Unusually high load in node, never high load on master. 2 node setup

I have a 2 node setup with a master and a node both running in docker containers which volume mount the config and data directories.

As far as the docker specific configuration, I have a ulimit set on both master and node for memlock=-1:-1

Master specs:
10G RAM
4 cores
Heap 4GB
bootstrap memory lock = true

Node specs:
6 GB RAM
6 cores
Heap 3GB
bootstrap memory lock = true

The node is using dm-crypt to encrypt data at rest which is why we added 2 more cores to compensate for the additional overheard (though I have read that it should only add between 1-5% overhead).
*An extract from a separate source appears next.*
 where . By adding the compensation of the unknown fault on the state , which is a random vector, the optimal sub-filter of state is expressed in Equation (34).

We have approximately 40 million documents indexed and about 300K daily being indexed. Our indexing strategy by default is using daily indexing using logstash-(yyyy-mm-dd) format . While monitoring the load the master rarely tops 4+ but the node can sometimes go up to 16 and then in about 20 minutes or so start tapering off. I can't understand why there is such a high load going through the node and the master seems unphased by the amount of data we are sending into elasticsearch. Please help!

Hi Antonio,

If I'm reading this correct you have one node that is a dedicated master and another node that is a dedicated data node, right?
In such a configuration it's quite normal that you only see a high load on the data node, since this is the node being mostly affected by indexing documents. The master will not do much more than deciding where to put the index and updating the cluster state when a new field arrives. While the data node will do the real work like analyzing your data and storing it etc.
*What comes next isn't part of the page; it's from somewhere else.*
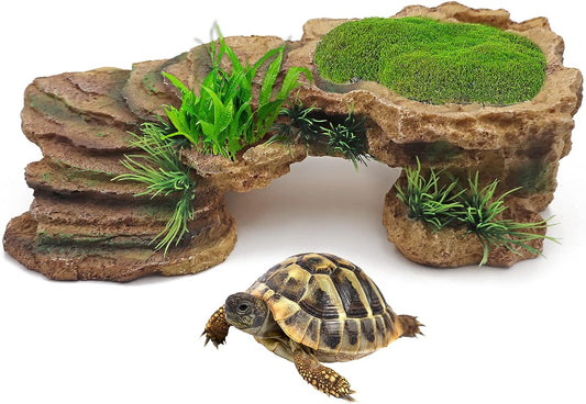 Turtle Basking Platform Reptile Terrarium Hideout Tortoise Resin Rock Hide Cave Habitat Ornament for Bearded Dragon Frogs Lizards Spiders Fish Amphibians Aquarium, Small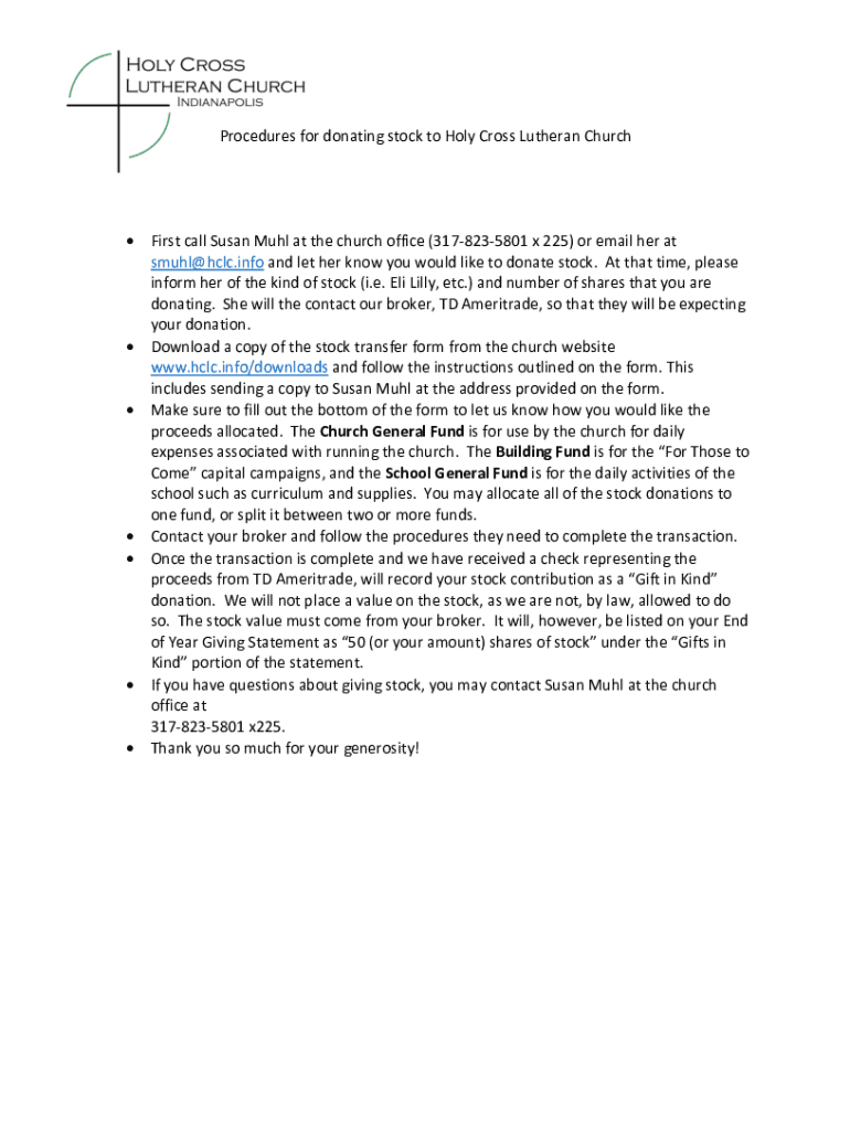 Procedures for donating stock to Holy Cross Lutheran Church First call Susan Mull at the church office (3178235801 × 225) or email her at SMUH HCC.info and let her know you would like to donate stock.

So what you are seeing is actually quite normal. The other way around (high load on the master) would be something to worry about.
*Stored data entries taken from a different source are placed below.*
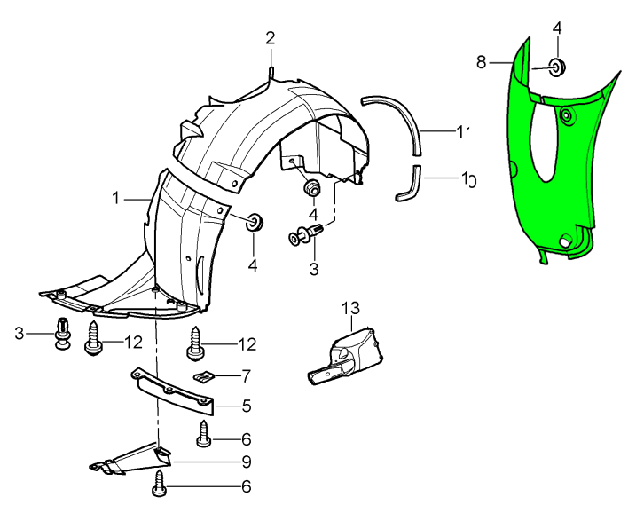Panneaux de protection installés à l'intérieur des passages de roue avant pour empêcher la saleté, le gravier et l'eau d'endommager la peinture et les composants de la suspension.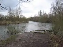 In July 1965 a devastating flood occurred, which became part of regional history as a once-in-a-hundred-years flooding and is remembered by locals as the "Heinrichsflut"[2] (Henry's Day Flood). After heavy rainfalls from July 15 through to 17 (more than 135 L/m2),[3] basements were flooded. In the village of Wewelsburg a bridge collapsed, an Army sapper unit had to be brought in for disaster relief. Streets turned into river beds, railway and bus traffic had to be stopped, 16 people died.[4] As a consequence of the flood, which also took in the tributaries of the Alme and the Lippe river itself, the "Wasserverband Obere Lippe"[5] (board for basin management of the upper Lippe river) was founded, one of whose aims is to prevent or mitigate any damage that may be caused by further floods mainly by way of building detention basins.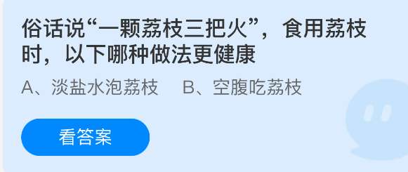 俗话说“一颗荔枝三把火”,食用荔枝时,以下哪种做法更健康?这是支付宝蚂蚁庄园小鸡答题8月2日题目,支付宝小鸡答题是大家非常喜欢的活动,大家获取饲料就可以喂养小鸡领取更多的蛋去帮助更多的人了!今日正确答案是【淡盐水泡荔枝】,食用荔枝时,用淡

I think the following two chapters of the definitive guide are a good read to better understand what's going on when indexing documents:
https://www.elastic.co/guide/en/elasticsearch/guide/current/distributed-cluster.html
https://www.elastic.co/guide/en/elasticsearch/guide/current/data-in-data-out.html

Hope that helps,
Jakob

1 Like

Thank you for your insight I really appreciate it. Glad to hear that what I am seeing is actually normal. After much more investigation we found out that the load was getting out of control because of slow disks on an over provisioned hypervisor. The I/O wait times were getting ridiculous so we moved the VM over to another hypevisor backed by a RAID 10 SAN and poof, the problems went away.

This topic was automatically closed 28 days after the last reply. New replies are no longer allowed.